TASK TO COMPLETE
Every line from the top of the records below through the one containing "Kräuterdoraden mit Bohnen" must be copied exactly, and the pictures must not be.

Data items
--- --- ---

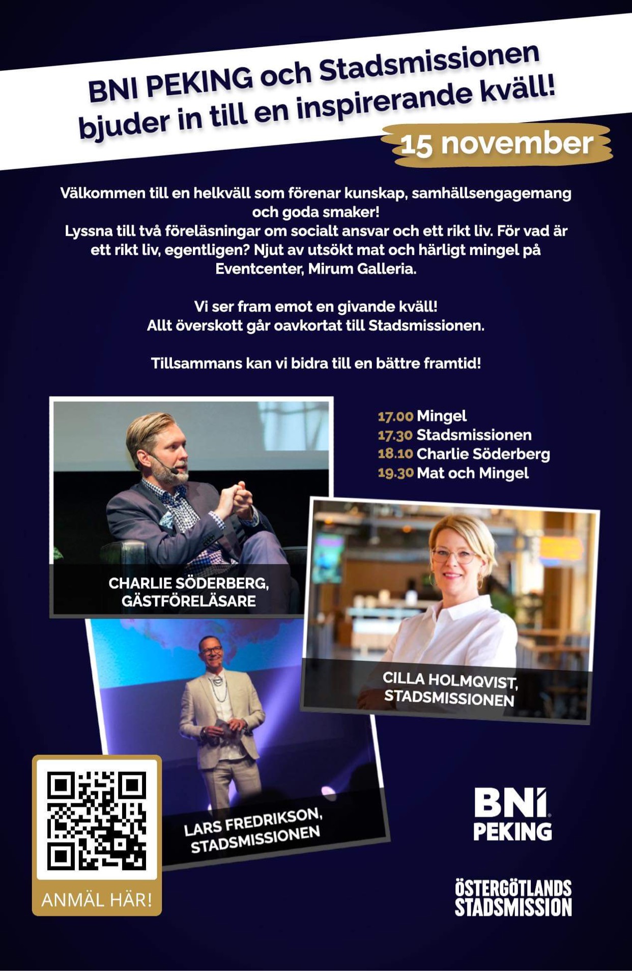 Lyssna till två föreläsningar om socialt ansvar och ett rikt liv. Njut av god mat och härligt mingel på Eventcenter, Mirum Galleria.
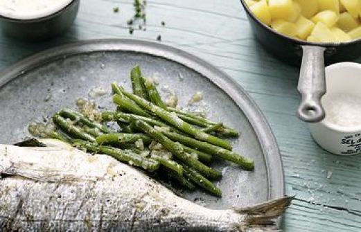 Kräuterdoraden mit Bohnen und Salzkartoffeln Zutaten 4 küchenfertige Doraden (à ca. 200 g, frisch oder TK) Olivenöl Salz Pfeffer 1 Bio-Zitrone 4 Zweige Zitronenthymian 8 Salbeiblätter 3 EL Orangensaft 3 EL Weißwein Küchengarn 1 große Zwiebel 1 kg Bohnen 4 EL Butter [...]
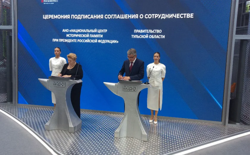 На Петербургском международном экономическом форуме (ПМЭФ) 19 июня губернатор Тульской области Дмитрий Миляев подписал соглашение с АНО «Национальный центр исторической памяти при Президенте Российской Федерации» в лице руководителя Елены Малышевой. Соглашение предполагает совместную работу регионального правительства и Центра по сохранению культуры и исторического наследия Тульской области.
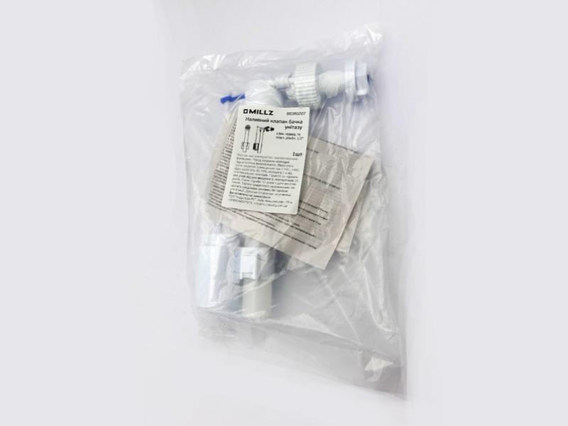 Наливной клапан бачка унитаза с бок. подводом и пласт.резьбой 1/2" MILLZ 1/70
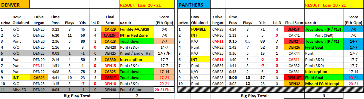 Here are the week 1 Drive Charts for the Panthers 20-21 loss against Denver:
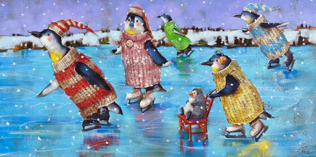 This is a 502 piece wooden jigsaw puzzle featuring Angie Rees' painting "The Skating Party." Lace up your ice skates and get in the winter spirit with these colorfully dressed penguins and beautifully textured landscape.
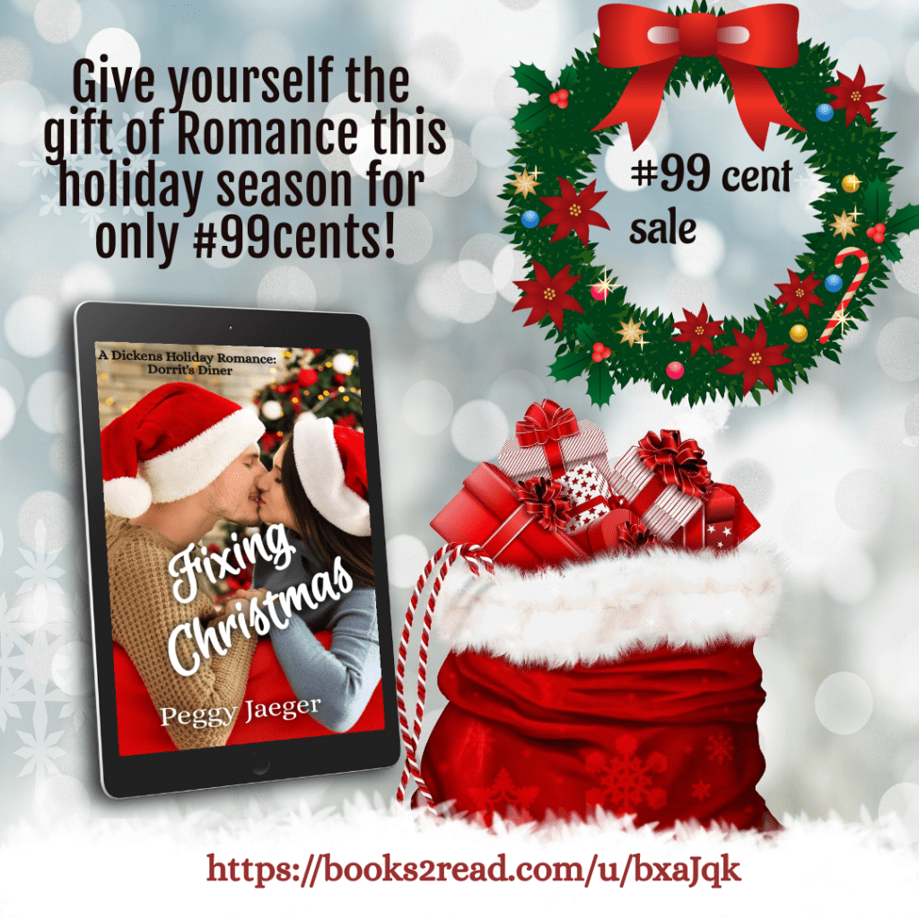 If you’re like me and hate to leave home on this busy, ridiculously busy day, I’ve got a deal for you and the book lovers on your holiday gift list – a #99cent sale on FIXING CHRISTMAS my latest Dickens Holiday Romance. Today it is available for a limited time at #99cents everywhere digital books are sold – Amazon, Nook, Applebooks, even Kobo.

--- --- ---

YOUR SOLUTION
 Lyssna till två föreläsningar om socialt ansvar och ett rikt liv. Njut av god mat och härligt mingel på Eventcenter, Mirum Galleria.
 Kräuterdoraden mit Bohnen und Salzkartoffeln Zutaten 4 küchenfertige Doraden (à ca. 200 g, frisch oder TK) Olivenöl Salz Pfeffer 1 Bio-Zitrone 4 Zweige Zitronenthymian 8 Salbeiblätter 3 EL Orangensaft 3 EL Weißwein Küchengarn 1 große Zwiebel 1 kg Bohnen 4 EL Butter [...]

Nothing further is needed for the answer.